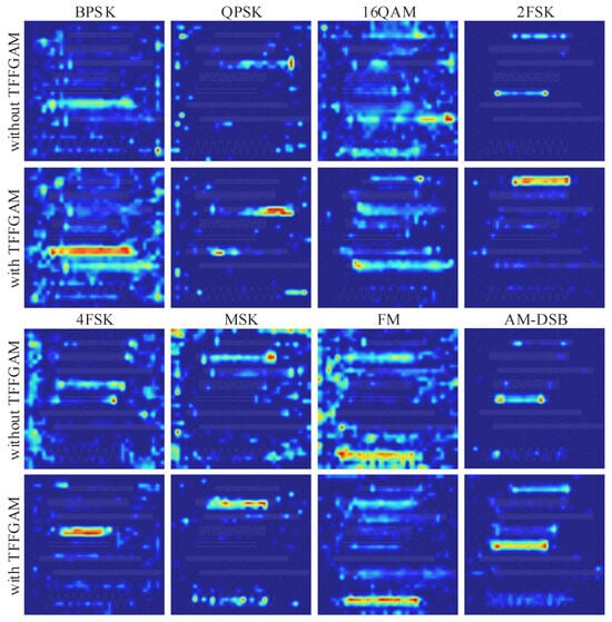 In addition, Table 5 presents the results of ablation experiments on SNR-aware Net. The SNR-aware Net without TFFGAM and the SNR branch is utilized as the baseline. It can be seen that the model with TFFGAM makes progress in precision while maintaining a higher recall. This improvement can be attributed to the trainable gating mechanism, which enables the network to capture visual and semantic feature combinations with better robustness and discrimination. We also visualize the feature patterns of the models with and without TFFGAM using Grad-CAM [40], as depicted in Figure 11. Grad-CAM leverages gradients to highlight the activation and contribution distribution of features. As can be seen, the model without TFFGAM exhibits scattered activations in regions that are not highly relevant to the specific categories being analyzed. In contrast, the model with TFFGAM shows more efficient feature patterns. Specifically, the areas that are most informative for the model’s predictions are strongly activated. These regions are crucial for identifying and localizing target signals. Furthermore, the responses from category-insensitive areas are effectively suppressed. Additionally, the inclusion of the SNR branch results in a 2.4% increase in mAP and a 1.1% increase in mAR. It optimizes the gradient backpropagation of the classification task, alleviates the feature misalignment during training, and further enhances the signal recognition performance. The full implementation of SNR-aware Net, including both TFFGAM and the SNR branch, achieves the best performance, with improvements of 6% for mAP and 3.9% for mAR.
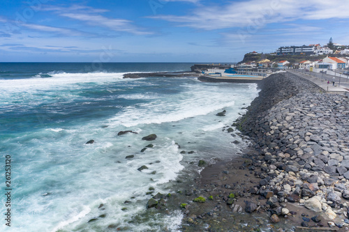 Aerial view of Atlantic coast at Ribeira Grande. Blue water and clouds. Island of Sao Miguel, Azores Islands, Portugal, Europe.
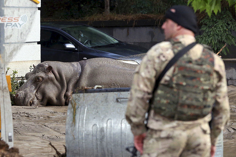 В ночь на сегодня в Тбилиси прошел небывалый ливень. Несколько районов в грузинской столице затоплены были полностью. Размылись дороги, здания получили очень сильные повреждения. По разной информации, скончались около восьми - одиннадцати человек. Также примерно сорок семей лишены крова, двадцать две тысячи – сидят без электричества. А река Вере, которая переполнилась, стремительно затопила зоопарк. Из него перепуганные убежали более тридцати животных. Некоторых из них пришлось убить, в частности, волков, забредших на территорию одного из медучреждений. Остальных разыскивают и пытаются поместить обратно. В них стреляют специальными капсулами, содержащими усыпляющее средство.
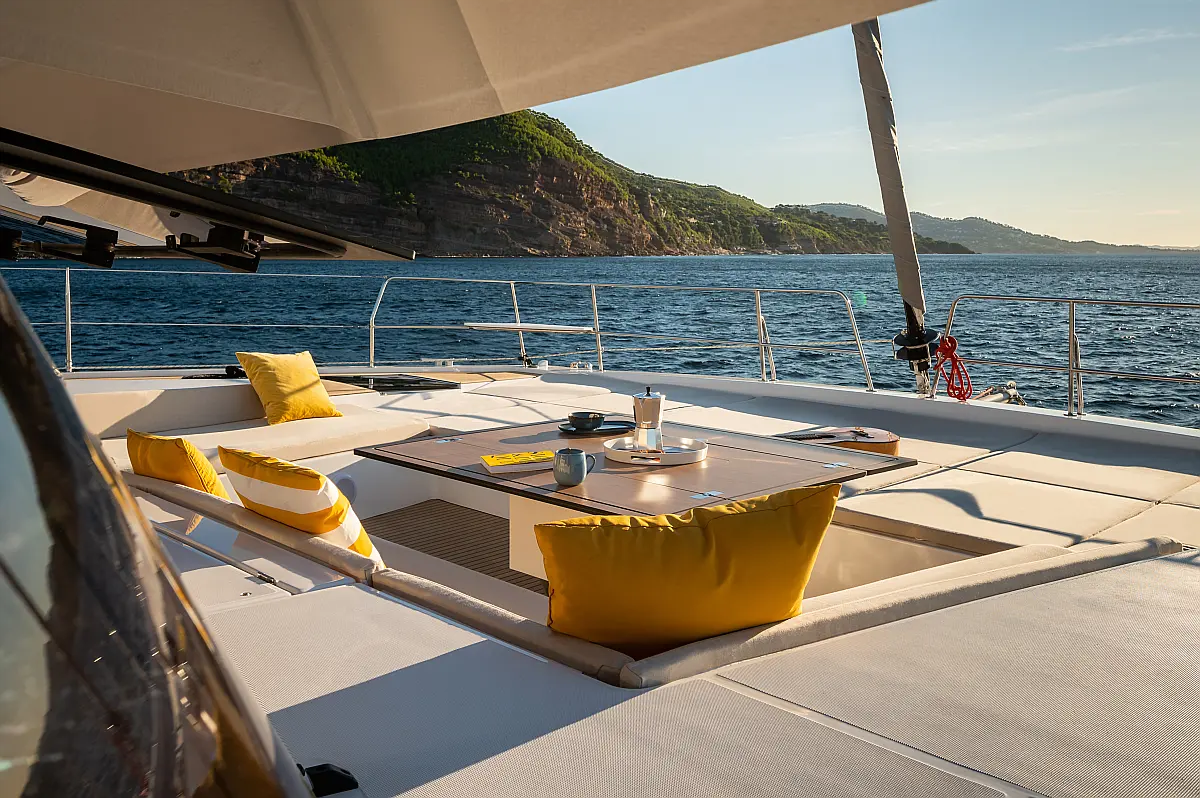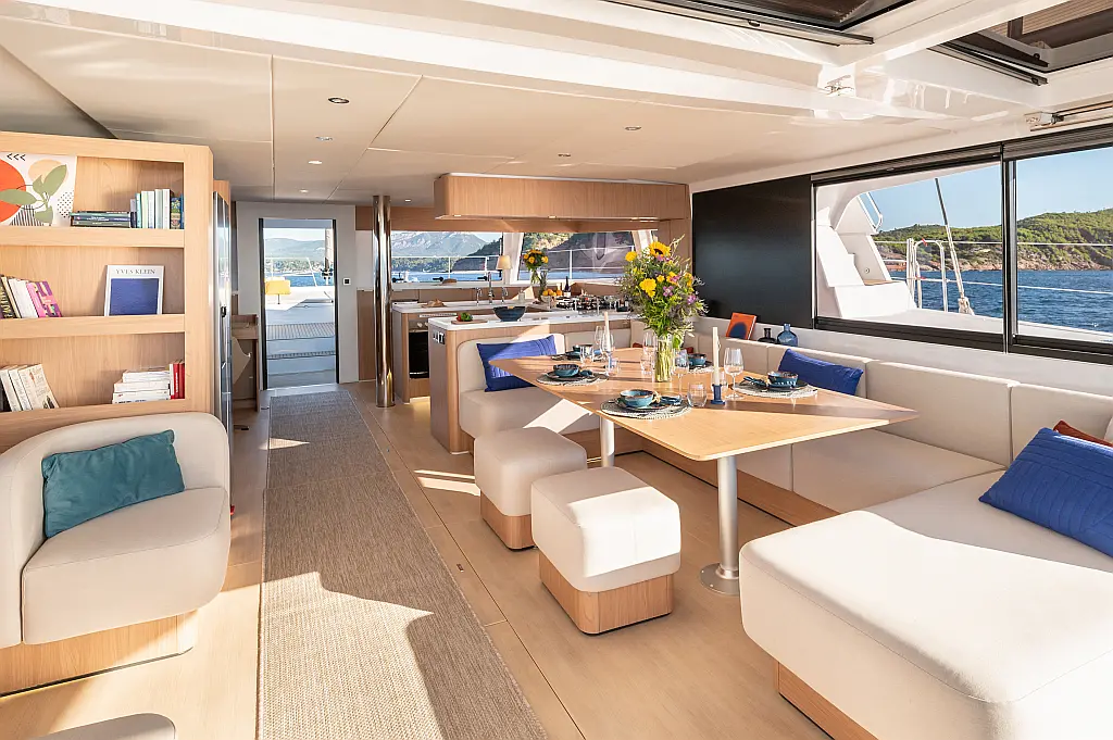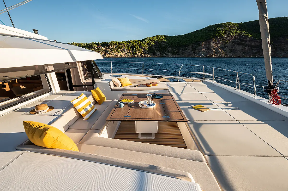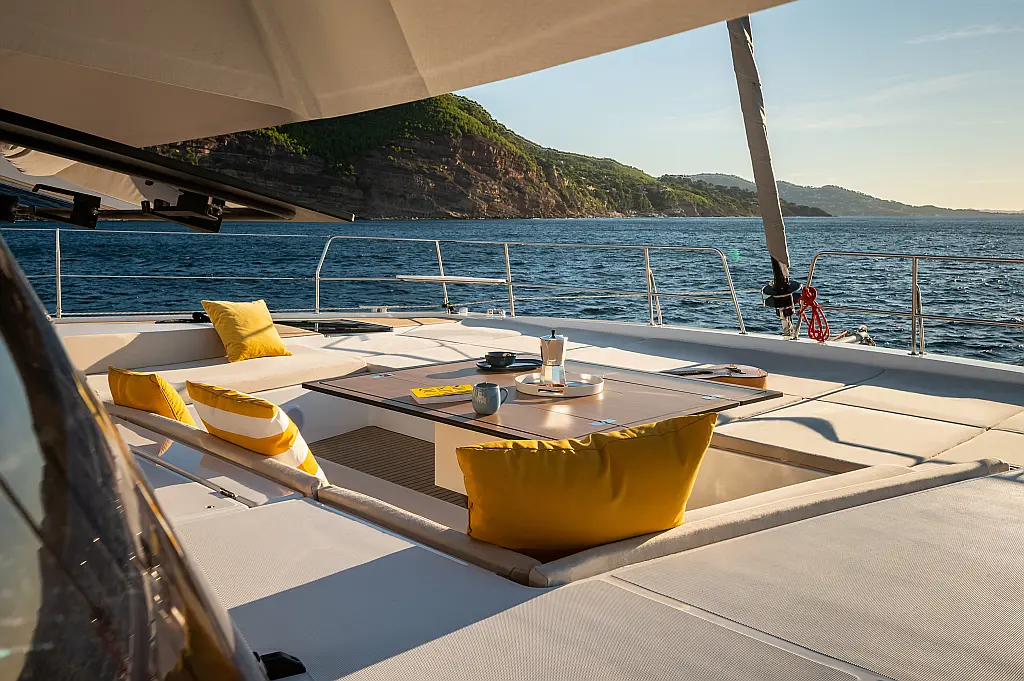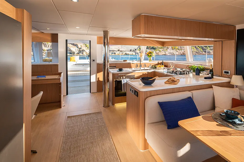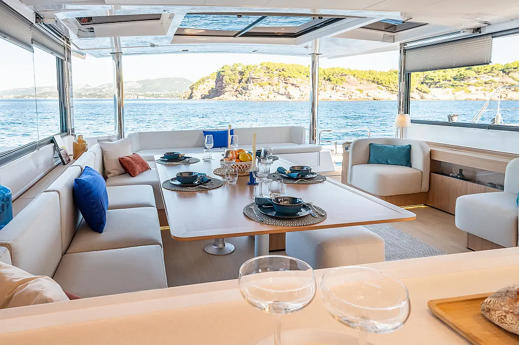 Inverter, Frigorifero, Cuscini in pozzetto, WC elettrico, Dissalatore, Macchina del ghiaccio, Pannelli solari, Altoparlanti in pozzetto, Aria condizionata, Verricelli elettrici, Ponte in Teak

*TASK DIRECTIONS:* Reproduce verbatim every line starting at the line that holds "В ночь на сегодня" and ending with the final line of the data; omit the pictures.

*ANSWER TO THE EXERCISE:*
 В ночь на сегодня в Тбилиси прошел небывалый ливень. Несколько районов в грузинской столице затоплены были полностью. Размылись дороги, здания получили очень сильные повреждения. По разной информации, скончались около восьми - одиннадцати человек. Также примерно сорок семей лишены крова, двадцать две тысячи – сидят без электричества. А река Вере, которая переполнилась, стремительно затопила зоопарк. Из него перепуганные убежали более тридцати животных. Некоторых из них пришлось убить, в частности, волков, забредших на территорию одного из медучреждений. Остальных разыскивают и пытаются поместить обратно. В них стреляют специальными капсулами, содержащими усыпляющее средство.
 Inverter, Frigorifero, Cuscini in pozzetto, WC elettrico, Dissalatore, Macchina del ghiaccio, Pannelli solari, Altoparlanti in pozzetto, Aria condizionata, Verricelli elettrici, Ponte in Teak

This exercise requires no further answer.